1. No wheels allowed (no cars, no trains, no bicycles, etc.), except to return home at the end of the trip or in emergencies.

2. No elevators. You just hiked 15 miles: you can take the stairs. 

3. The Acrophobe's Exception: means of transportation that might unnerve acrophobes are allowed, specifically ferries, funiculars, and ski lifts.

We availed ourselves of 5 gondola lifts (3 up, 2 down) and one funicular.

We stayed in 4 huts, 1 youth hostel, and 9 hotels.

I planned our route on Komoot. Much of the time we hiked along the Via Alpina, which runs through the Alps from Trieste/Slovenia to Monaco. This wasn't intentional on our part, but we're eager to learn more about the 2000-km trail. In addition, we met someone just below Grosse Scheidegg who recommended the Via Francigena, a 3000+ km pilgrimage route from Canterbury to Rome. Lots to mull for future hikes.

We tweaked our route as needed, occasionally going around when through was blocked, sometimes trading paths through fields for paved roads on hot days when the horse flies were at their worst (mosquitoes : Bavaria as horse flies : Switzerland), finding gentler descents when our knees needed them, and being intelligently cautious when thunderstorms loomed at higher elevations. 

We had three days with trail sections that were quite exposed, unnerving the acrophobe--but she lived to tell the tale.

Our highest elevation was 7,475 feet, near the Jochpass above the Engstlensee, on a cold and graupelig day.

Heading up up up through pelleting snow...

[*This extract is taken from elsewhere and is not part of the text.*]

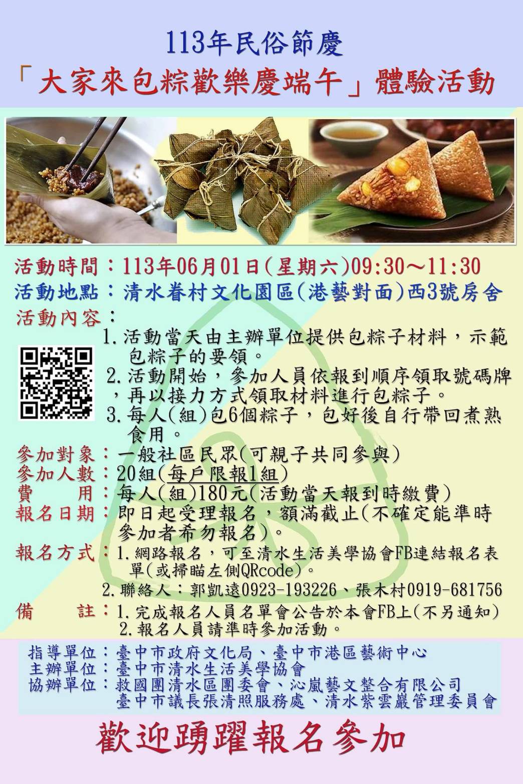113年民俗節慶 「大家來包粽歡樂慶端午」 體驗活動[已額滿]

Our lowest elevation was 1,300 feet in Rorschach, our starting point on the southern shore of the Bodensee (Lake Constance) on a toasty sunny day.

Already up hill...

Items schlepped were similar to last year:


From left to right, more or less: 

Source 2L water bladder. Last year I thought we should have water purification drops on hand, but we forgot to buy a bottle, and we never needed them.

Sun hat, fleece jacket, Patagonia rain jacket. Last year we also brought down jackets and never used them. This year, even when we were hiking in snow showers, we were fine layering up without down. 

Carly the Travel Chicken, Carly's duck feet and deflated bubble pack; compact umbrella; second pair of socks. Last year I had a third pair of socks that turned out not to be needed, so I cut back this year--only to discover one of the socks I brought had a big hole in it. Lesson for next year: check for holes before packing.

REI hiking pants with zip-off lower legs, long-sleeved 32-Degrees Warm shirt, wool T-shirt, sports bra, underwear, sleeveless polymer T, thin fleece mittens with water-resistant tops; Komperdell hiking poles with tip covers, toiletries bag, Anker charging battery. The clothes were to alternate with the set (not shown) that I set off with: Lowa Renegade GTX MID women's 42 hiking boots, another pair of REI zip-off-calf hiking pants, socks, underwear, sports bra, and 32-Degrees Cool T-shirt. The wool shirt proved great alone and for layering. 

First-Aid kit, mylar emergency blanket, bivy sack, Cliff Bars, rain pants, Hüttenschlafsack, backpack rain cover, Kula Cloth, comb, sunscreen; sneakers. We were careful not to overdo the snack bar quantities this year.

Not shown: women's Deuter Speedlite 28SL backpack, cellphone, Garmin Venu 2 watch, charger and charging cables, passport, wallet, two dehydrated laundry detergent sheets, and a few iterations of salted mixed nuts, new-to-us Swiss hazelnut Staengeli, and apples. S did not carry micro spikes this year, but given the snow we encountered, they'd probably be smart to have on hand.